La razón es sencilla: Lviv desde la Primera Guerra Mundial hasta los años 90 tuvo una sucesión turbulenta de conquistadores. Primero rusos, luego austríacos y después polacos, hasta llegar en 1991 a la tan ansiada independencia, juntamente con todo el Estado ucraniano. Este pasado tan vivo ciertamente le ha dado un aspecto internacional, a partir de los distintos estilos arquitectónicos que Lviv ofrece. Su carácter cosmopolita está, además, reforzado por el gran número de ciudades con las que ha establecido hermanamientos: Corning (Estados Unidos), Whitstable (Reino Unido), Winnipeg (Canadá), Banja Luka (Bosnia y Herzegovina) y otras ciudades más cercanas.
Al llegar a Lviv no se puede evitar una visita a la Ciudad Vieja, ubicada al este del centro moderno. Allí se puede admirar lo que una vez fue el núcleo de Lviv, es decir, la plaza Rynok con su fantástico mix de estilos arquitectónicos: el ayuntamiento central data del siglo XIX mientras que los edificios circundantes datan del siglo XVI, con influencia del arte barroco y del renacentista. También está presente el estilo gótico con la Catedral Católica Romana, situada al suroeste de la plaza, en cuya Capilla Boyim se encuentran las más fascinantes esculturas en piedra de Lviv.
Más al oeste hay barrios de estilo neoclásico, ecléctico y moderno surgidos en los siglos XIX y XX. Y no termina aquí: la ciudad, de hecho, también está adornada con Art Déco, Art Nouveau y la Secesión de Viena. ¿Se puede entonces definir a Lviv como una ciudad-museo? Sin duda, si se piensa además que la ciudad ucraniana alberga varias pinacotecas, como el museo de arte ucraniano, el museo nacional, el museo de historia, el museo farmacéutico y el museo de Arquitectura y Vida Popular (a unos 2 kilómetros al este de la Ciudad Vieja).

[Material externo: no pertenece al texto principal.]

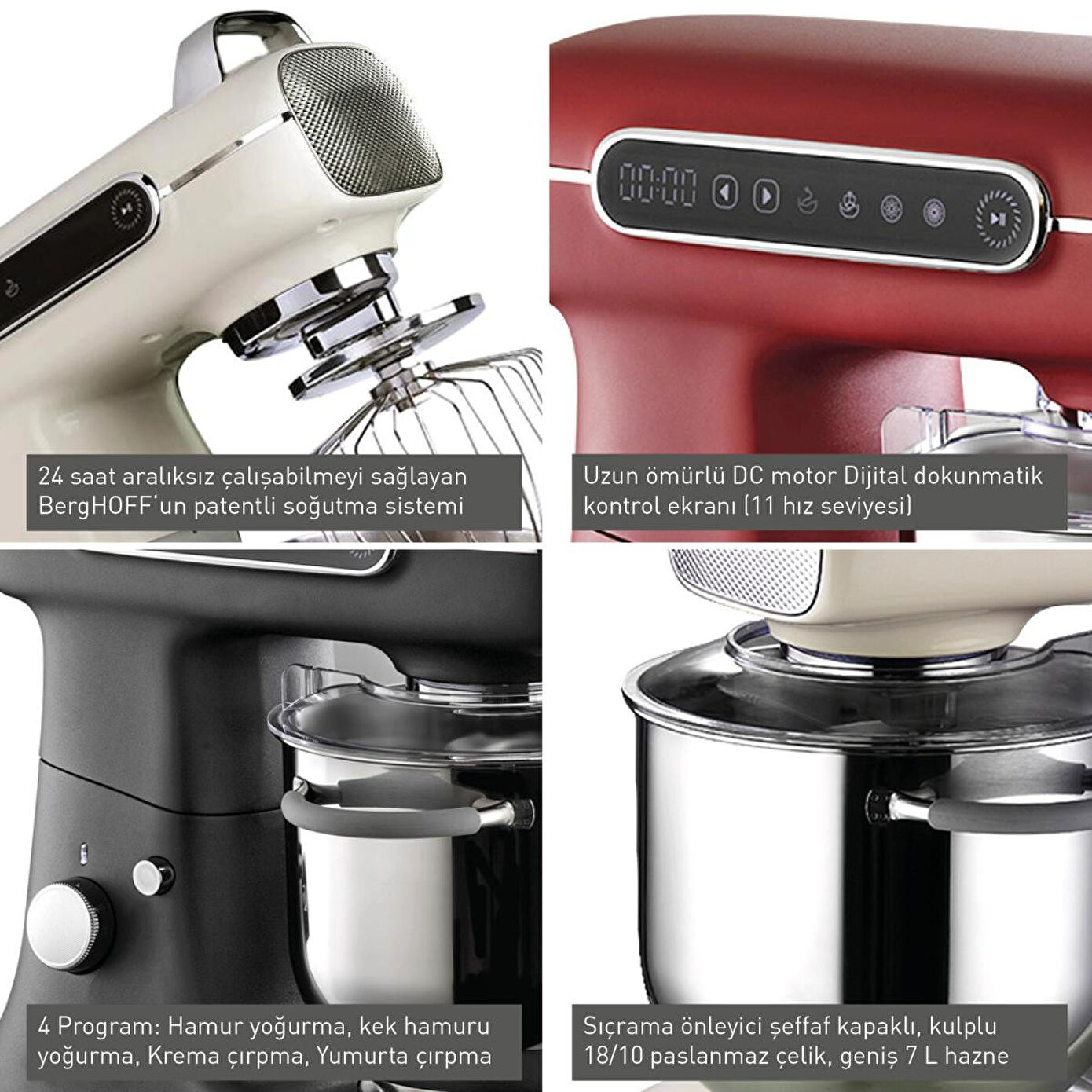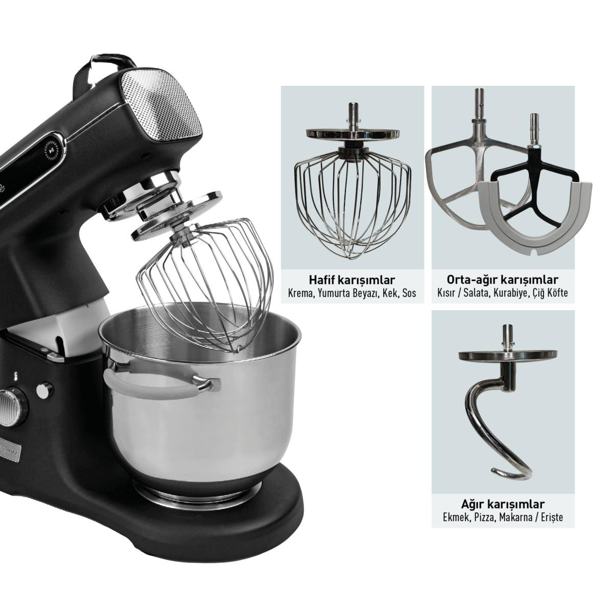 Yüksek performanslı, uzun ömürlü ve sessiz DC motorDayanıklı döküm alüminyum gövdeKulplu 18/10 paslanmaz çelik, geniş 7 L hazne Dijital dokunmatik kontrol ekranı (11 hız seviyesi)Sessiz çalışma seviyesi: 70 dBGeliştirilmiş metal dişlilerle sabit kullanım garantisiSabit kullanımı garantileyen geliştirilmiş metal dişlileri 4 Program :Hamur yoğurma, kek hamuru yoğurma, Krema çırpma, Yumurta çırpmaDahili aksesuarlar:
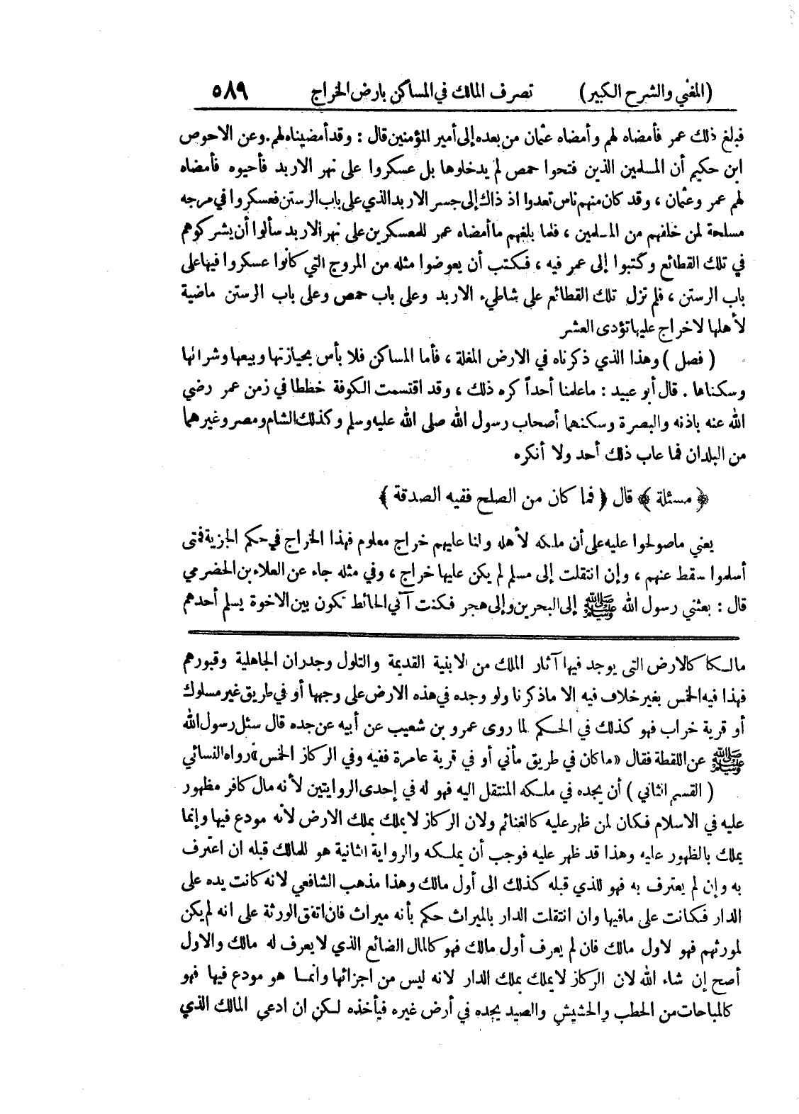 مالكا كالارض التي يوجد فيها آثار الملك من الابنية القديمة والتلول وجدران الجاهلية وقبورهم فهذا فيه الخمس بغير خلاف فيه الا ما ذكرنا ولو وجده في هذه الأرض على وجهها أو في طريق غير مسلوك أو قرية خراب فهو كذلك في الحكم لما روى عمرو بن شعيب عن أبيه عن جده قال سئل رسول الله صلى الله عليه وسلم عن اللقطة فقال " ما كان في طريق مأني أو في قرية عامرة ففيه وفي الركاز الخمس " رواه النسائي (القسم الثاني) أن يجده في ملكه المنتقل اليه فهو له في إحدى الروايتين لأنه مال كافر مظهور
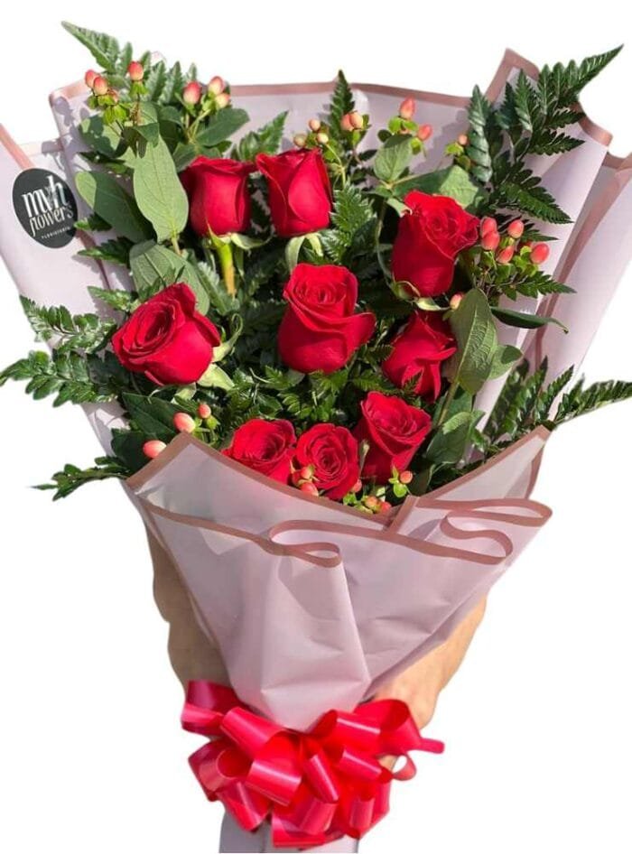 Ramo 9 Rosas es un arreglo floral elegante y romántico, compuesto por nueve rosas de tallo largo, cuidadosamente seleccionadas por su belleza y su intenso color. Las rosas, símbolo universal del amor apasionado, se disponen en un ramo que destaca su forma y su color profundo. El arreglo incluye delicados detalles de follaje verde que complementan la belleza de las rosas, creando una composición natural y armoniosa. Ramitas de Hypericum, con sus pequeñas bayas rojas, añaden un toque de color y textura adicionales, sin distraer la atención de la belleza principal de las rosas. El ramo está envuelto en un papel de seda color beige claro, con un borde rosado que aporta un toque de delicadeza y sofisticación. Un lazo rojo brillante completa el arreglo, aportando un toque de pasión y alegría.
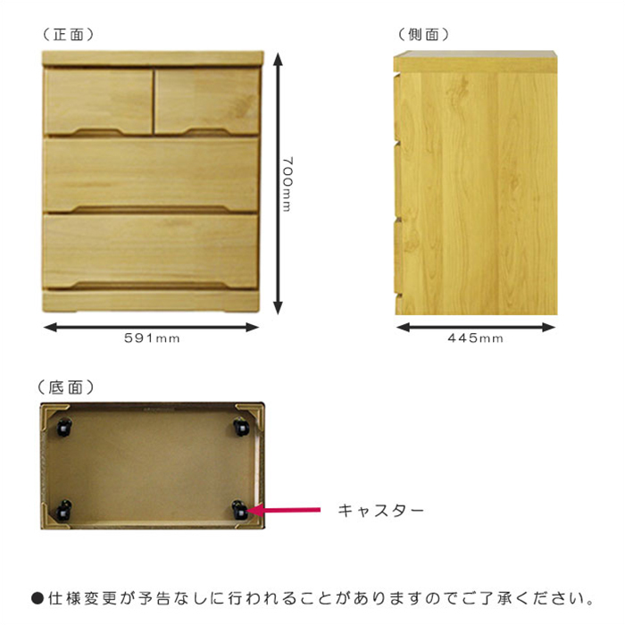 特  徴幅59cm桐材を使った、国産ローチェストです。引き出しは頑丈な箱組み。取り付け式の隠しキャスター付きです。
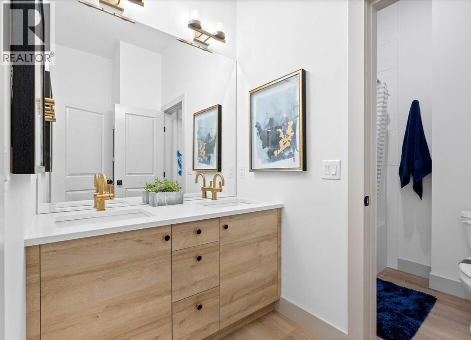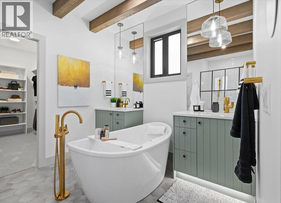 Discover the Bennett showhome by Carrington Homes in Trailhead at The Ponds is now available for purchase! This vibrant home has something for everyone. The main floor shines with an open layout, stylish kitchen, dry bar and a covered deck perfect for a quiet evening or hosting family and friends. The primary bedroom sits just off the great room and features a five-piece retreat-style ensuite, walk-in closet and a stunning valley view framed by mountains. The bright walkout basement adapts to your mood—enjoy movie nights in the cozy family room or have fun in the golf-simulator room tucked under the suspended slab, complete with its own wet bar. Summer days call for the 12x28 saltwater pool with deck jets and auto cover, or relaxing in the shade of the covered patio. Thoughtfully designed for every family member—including your pup—with a dog shower in the mudroom, a built-in pet station in the island and a perfect nook for beds and toys. *****GST applicable***** (id:62999)
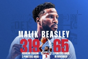 本賽季比斯利命中319記三分,創(chuàng)造隊(duì)史紀(jì)錄&排名聯(lián)盟第二;11月命中65記三分創(chuàng)隊(duì)史單月紀(jì)錄,場(chǎng)均砍下16.3分,37場(chǎng)比賽砍下15+得分,三分命中率41.6%,82場(chǎng)全勤。
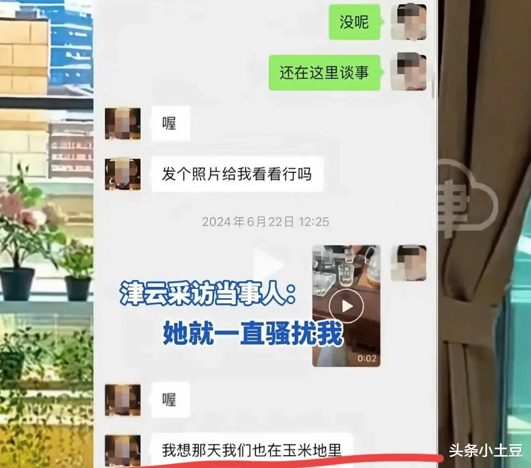 从聊天截图看,从去年6月份就开始聊天了。似乎女房东有点主动,就向对方要照片,女房东收到小伙发来的视频后,就说“我想那天我们也在玉米地里!”。真的太露骨了。
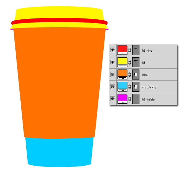 در اینجا شما بخشهایی که برای ایجاد فنجان قهوه لازم داریم را میتوانید ببینید.
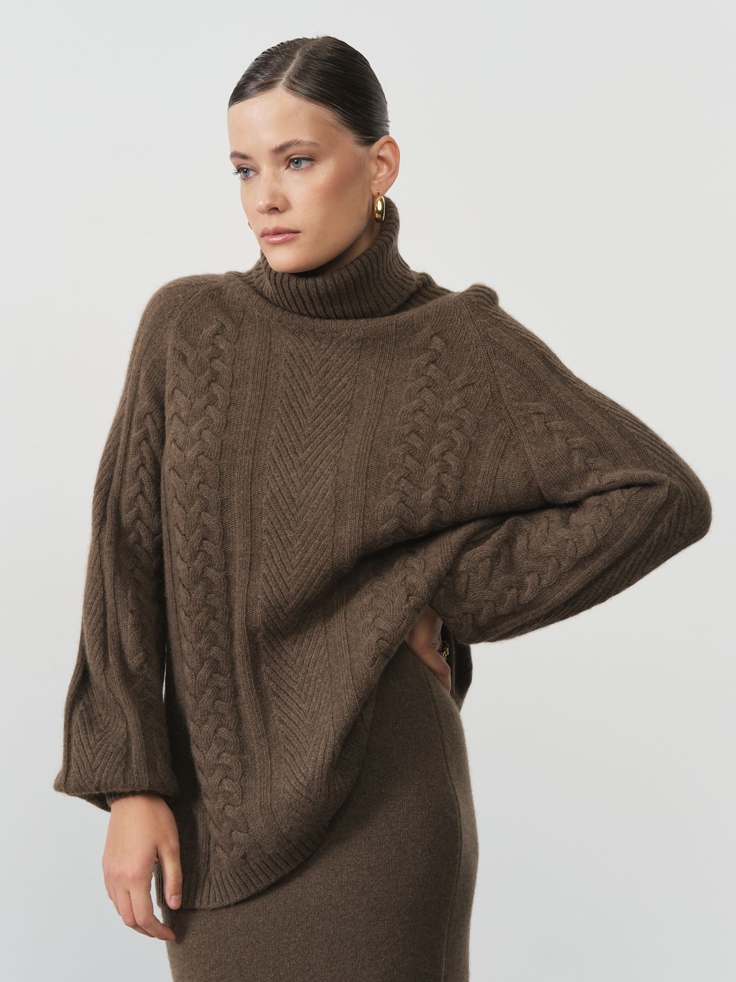 Модель выполнена с высоким воротником и свободным силуэтом. Свитер украшен рельефной вязкой с косами и геометрическими элементами, которые придают изделию объёмную текстуру и выразительный характер.
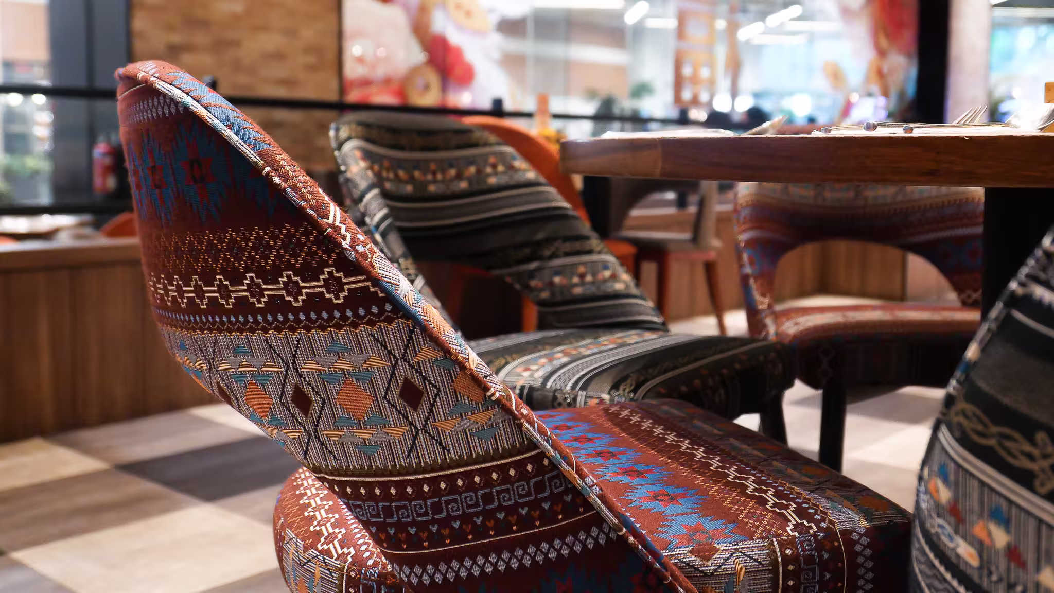 Dressed in deep blue and red hues, these indoor dining chairs are arranged in alternating colors to create visual interest throughout the restaurant. Beyond their vibrant fabrics, the chairs feature a dark wood grain that harmonizes with the restaurant’s wood accents, allowing the bold oranges, reds, and blues in the space to truly pop.

La ciudad de Lviv está, además, salpicada aquí y allá con muchas esculturas dedicadas a personalidades importantes, tanto ucranianas como internacionales. Una vez terminado el tour por las bellezas arquitectónicas de la ciudad, se recomienda relajar mente y cuerpo en el encantador Teatro de Ópera y Ballet.
En 2012 Lviv fue sede de algunos encuentros del Campeonato Europeo de fútbol.